In Alaska, there are appellate courts and trial courts, and each has two levels.  The appellate courts consist of the Court of Appeals and the Alaska Supreme Court.  The trial courts are divided into Superior Courts and District Courts.

There are four judicial districts in Alaska and each has a Superior Court that is the general jurisdiction trial court.  The district boundaries are defined by statute.  The Superior Courts preside over criminal felony, civil, domestic relations, divorce, juvenile delinquency, child abuse, guardianship cases, and may act as an appellate court for District Court criminal and civil cases.
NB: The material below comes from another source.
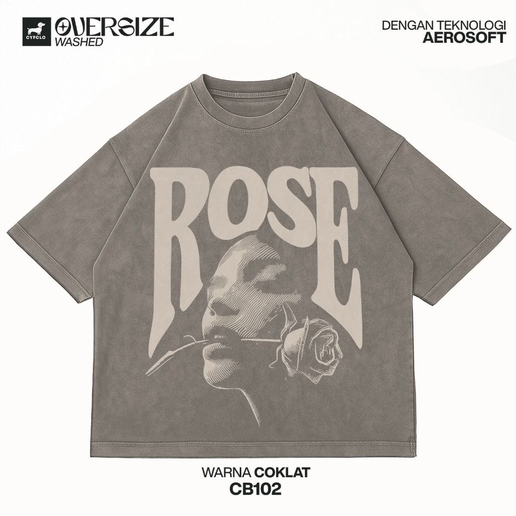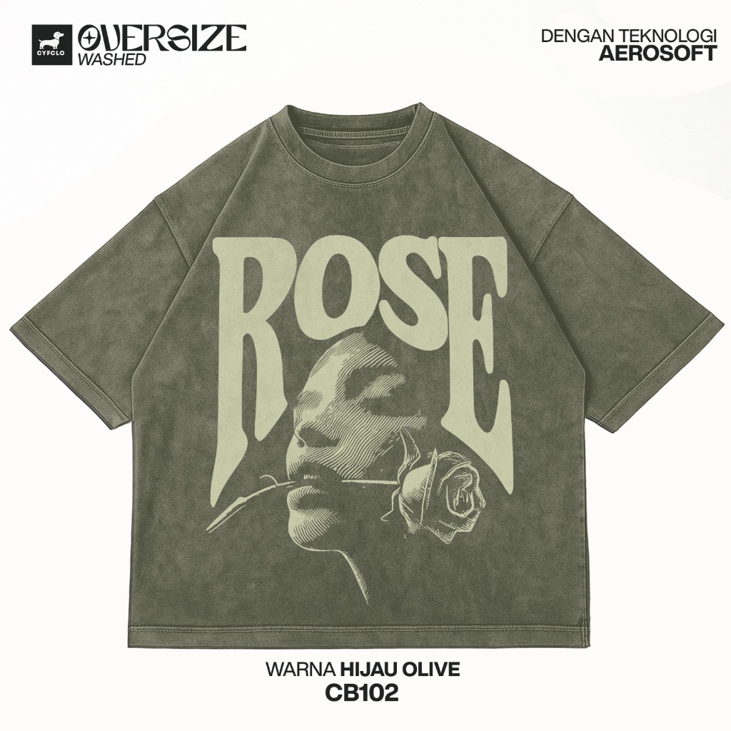 Cyfclo Kaos Oversize Wash Boxy Lengan Pendek T Shirt Unisex Full Katun Anti Gerah Dengan Aerosoft Tech | Cb102-Rose

Each judicial district also has a District Court, and the Alaska Supreme Court decides how many district court judges there should be in a district.  District Courts are responsible for hearing cases on misdemeanors, violations, offenses, felony preliminary hearings, civil court cases involving amounts up to $100,000, small claims cases, domestic violence cases, and inquests.

In areas that do not have full-time district court judges, the district may use Magistrates.  A Magistrate’s authority is more limited than that of a District Court judge, and he or she may hear traffic cases, municipal ordinances, criminal misdemeanors, civil cases under $10,000, and in felony criminal cases may preside over preliminary hearings.  Magistrates also assist the District Court with routine matters in metropolitan areas.

Alaska provides one of the best online resources for court searches of any state in the U.S.: The Alaska CourtView Trial Court Index.  Start there to search District Court and Superior Court civil and criminal records, as well as divorces, real estate, small claims, and probate and conservatorship cases.